PROBLEM DETAILS
Leave the pictures out, and transcribe the material below exactly from the line with "A beginner Spanish" to the line with "Soy cardióloga certificada", both lines included.

DATA FOR THIS TASK
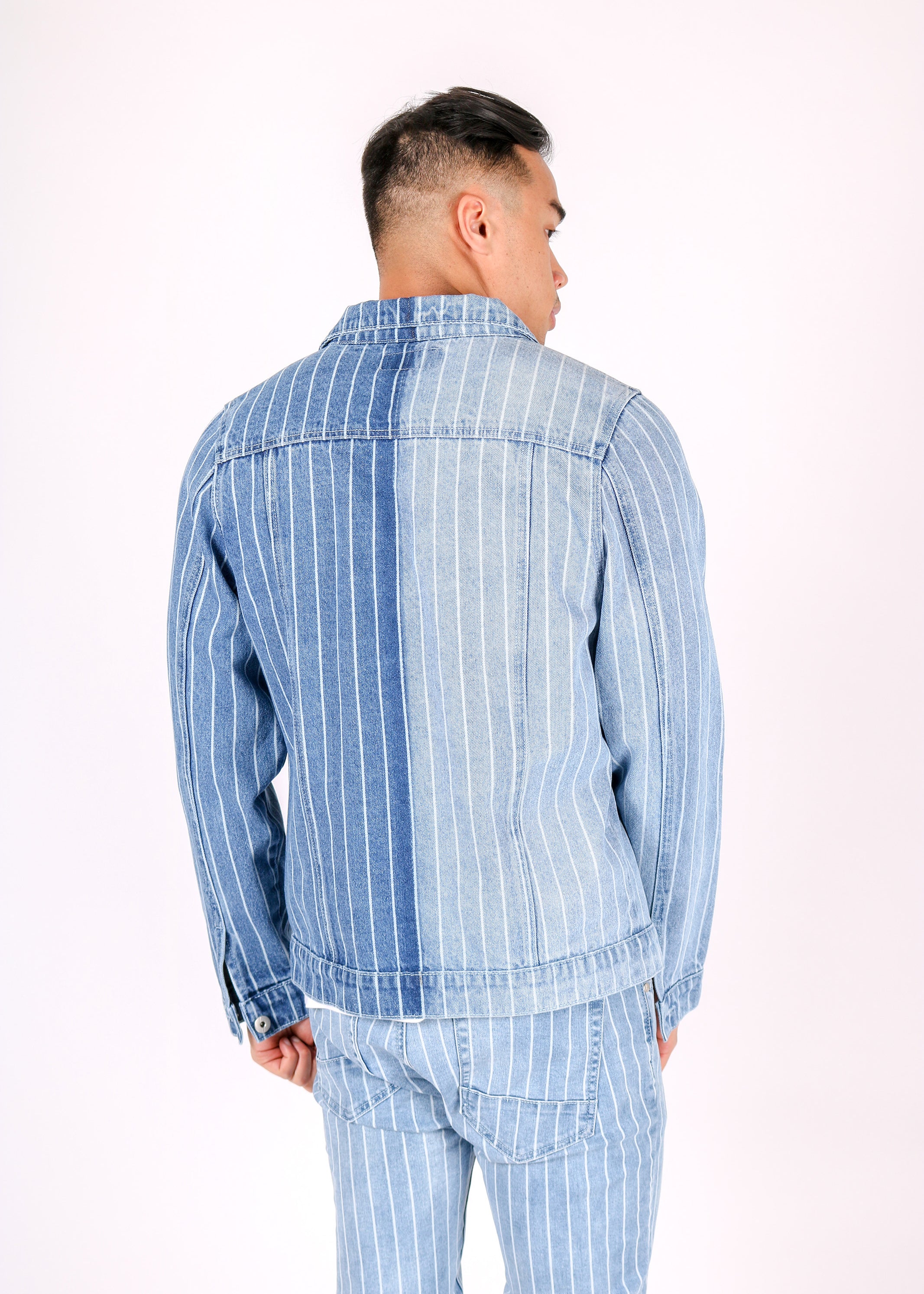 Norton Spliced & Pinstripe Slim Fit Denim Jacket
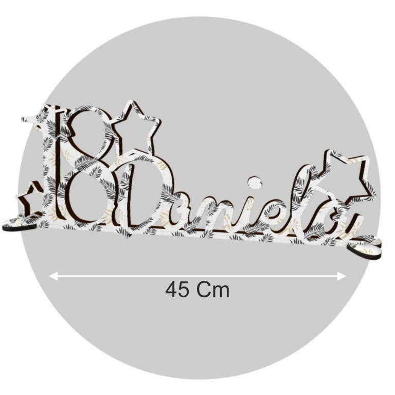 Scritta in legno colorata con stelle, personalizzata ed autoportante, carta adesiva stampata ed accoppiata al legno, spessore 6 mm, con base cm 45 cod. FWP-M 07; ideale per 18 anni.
==
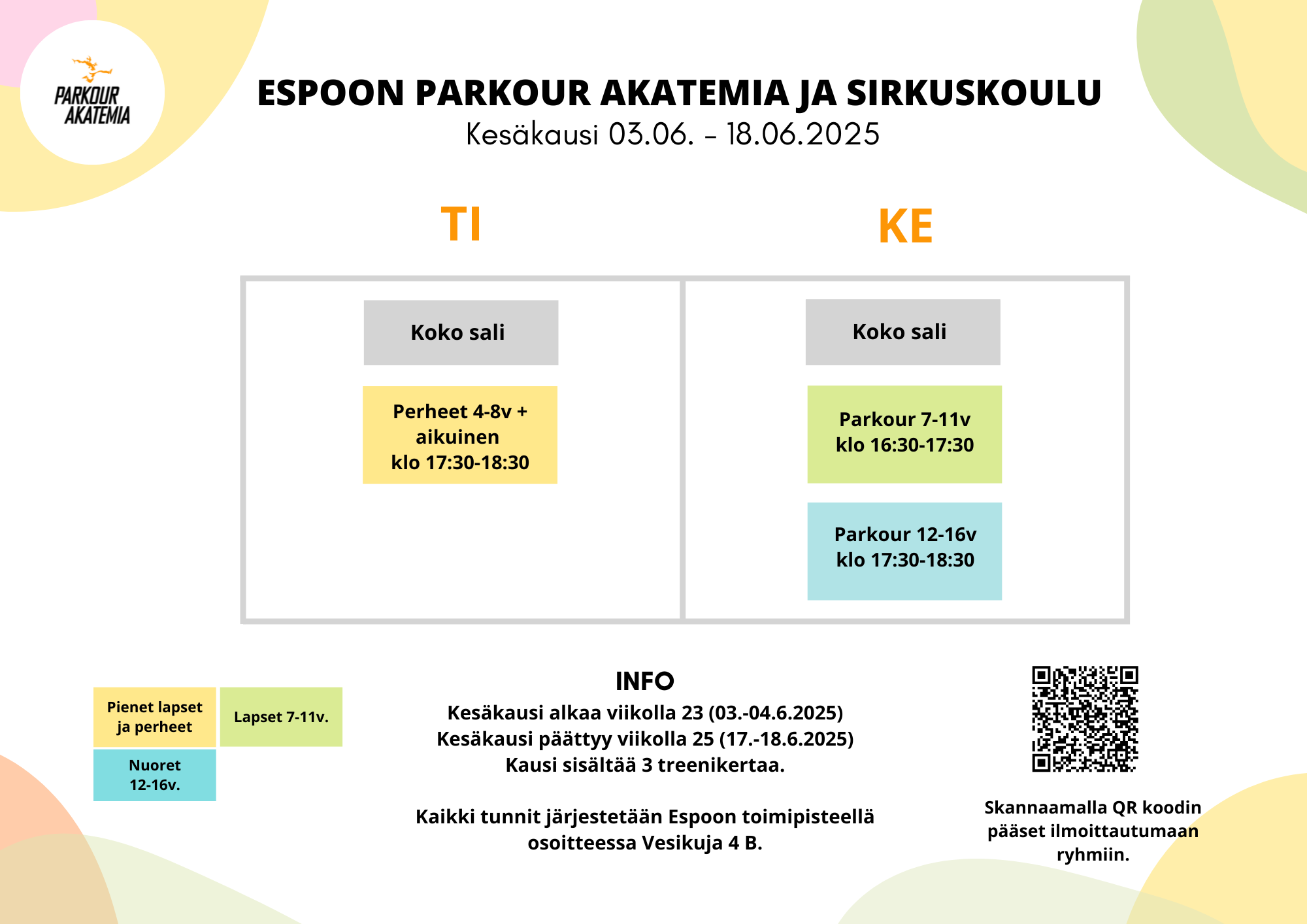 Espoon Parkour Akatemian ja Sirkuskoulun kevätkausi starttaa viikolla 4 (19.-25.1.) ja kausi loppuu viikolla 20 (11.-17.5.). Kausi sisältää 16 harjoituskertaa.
...
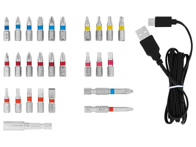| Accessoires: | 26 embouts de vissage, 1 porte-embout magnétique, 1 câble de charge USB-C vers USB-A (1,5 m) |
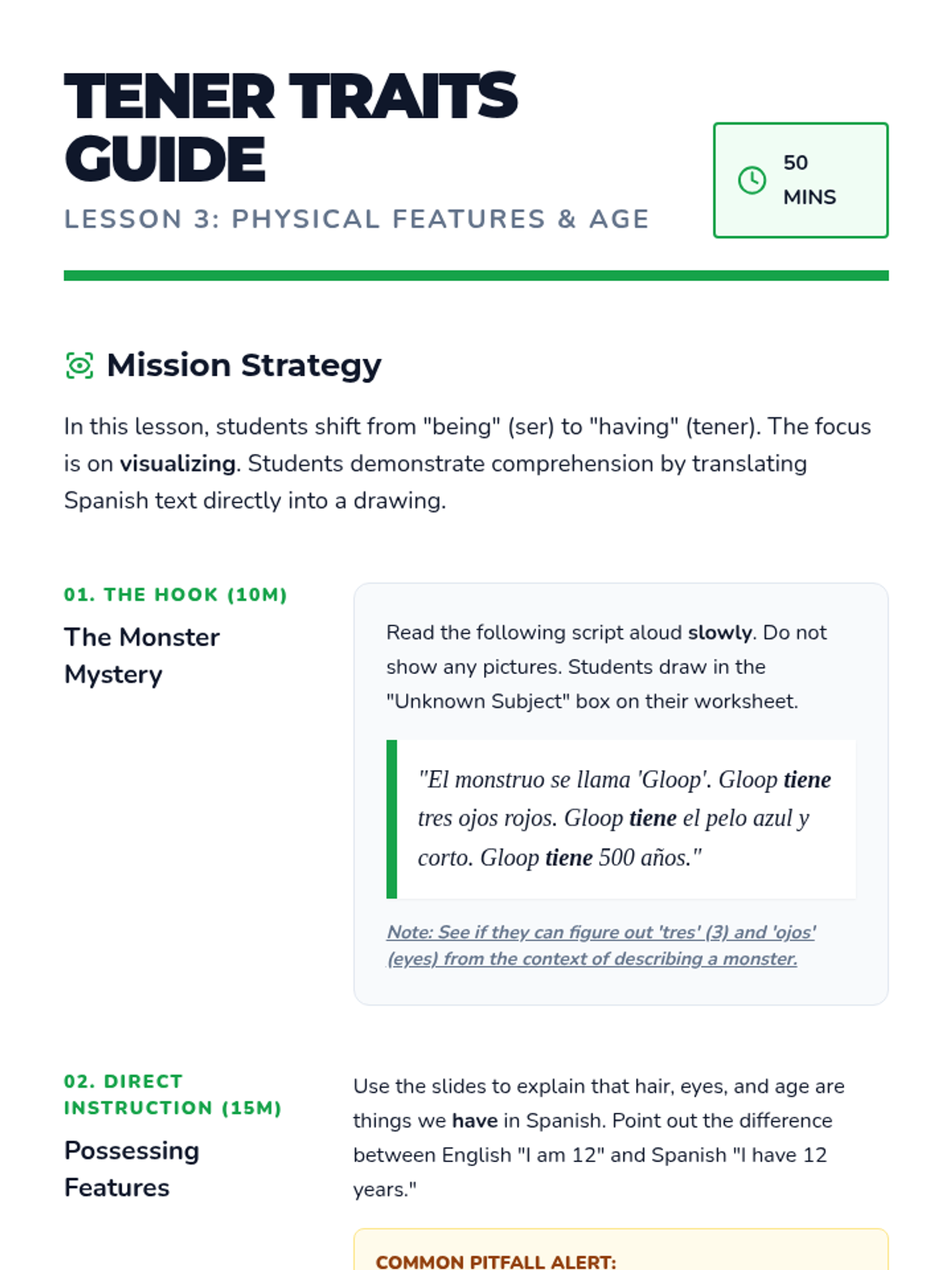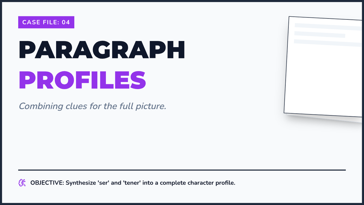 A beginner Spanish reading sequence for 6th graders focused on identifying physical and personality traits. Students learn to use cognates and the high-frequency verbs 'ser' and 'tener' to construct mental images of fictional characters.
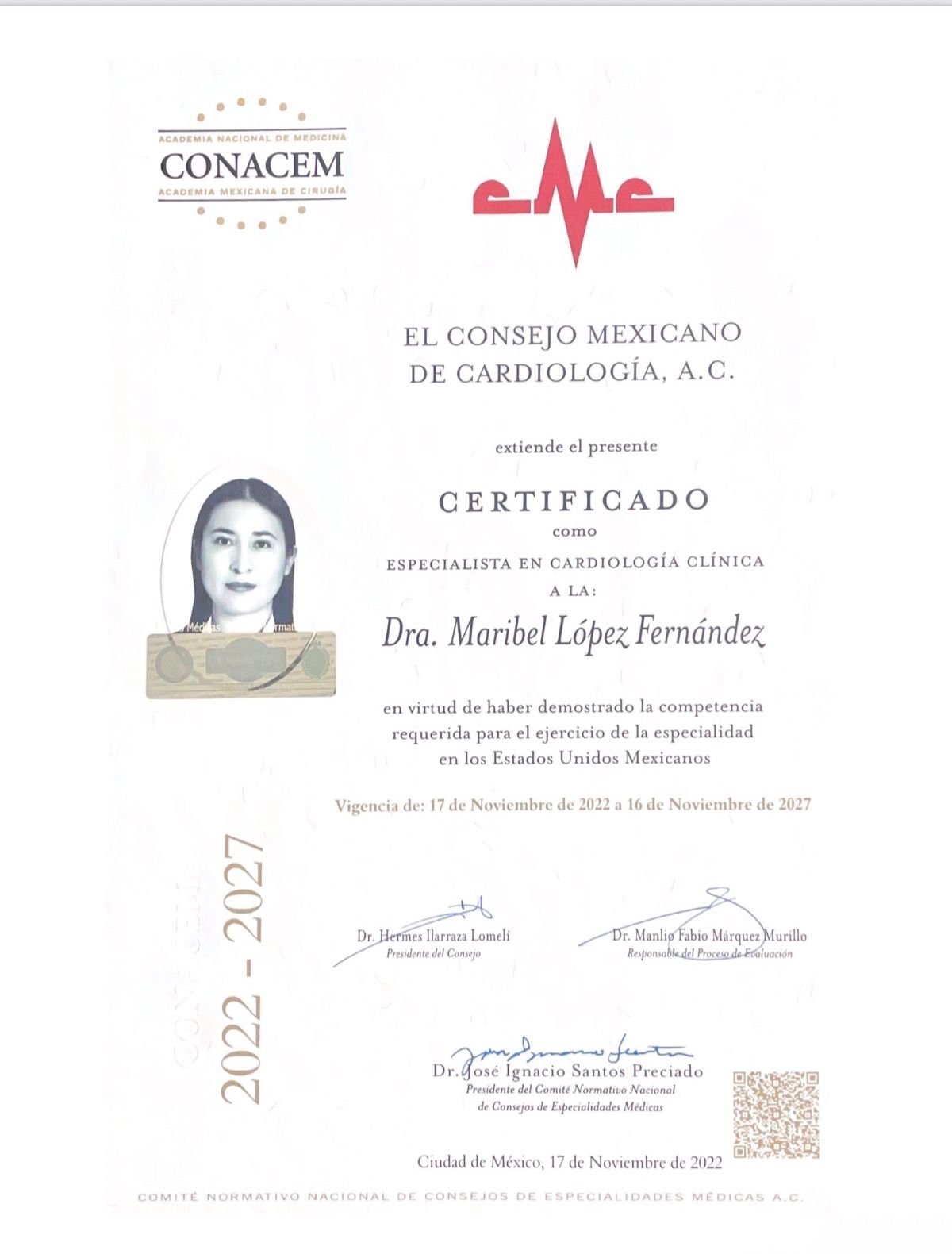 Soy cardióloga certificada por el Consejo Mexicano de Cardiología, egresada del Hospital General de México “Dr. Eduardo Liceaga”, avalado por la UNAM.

ANSWER AREA
 A beginner Spanish reading sequence for 6th graders focused on identifying physical and personality traits. Students learn to use cognates and the high-frequency verbs 'ser' and 'tener' to construct mental images of fictional characters.
 Soy cardióloga certificada por el Consejo Mexicano de Cardiología, egresada del Hospital General de México “Dr. Eduardo Liceaga”, avalado por la UNAM.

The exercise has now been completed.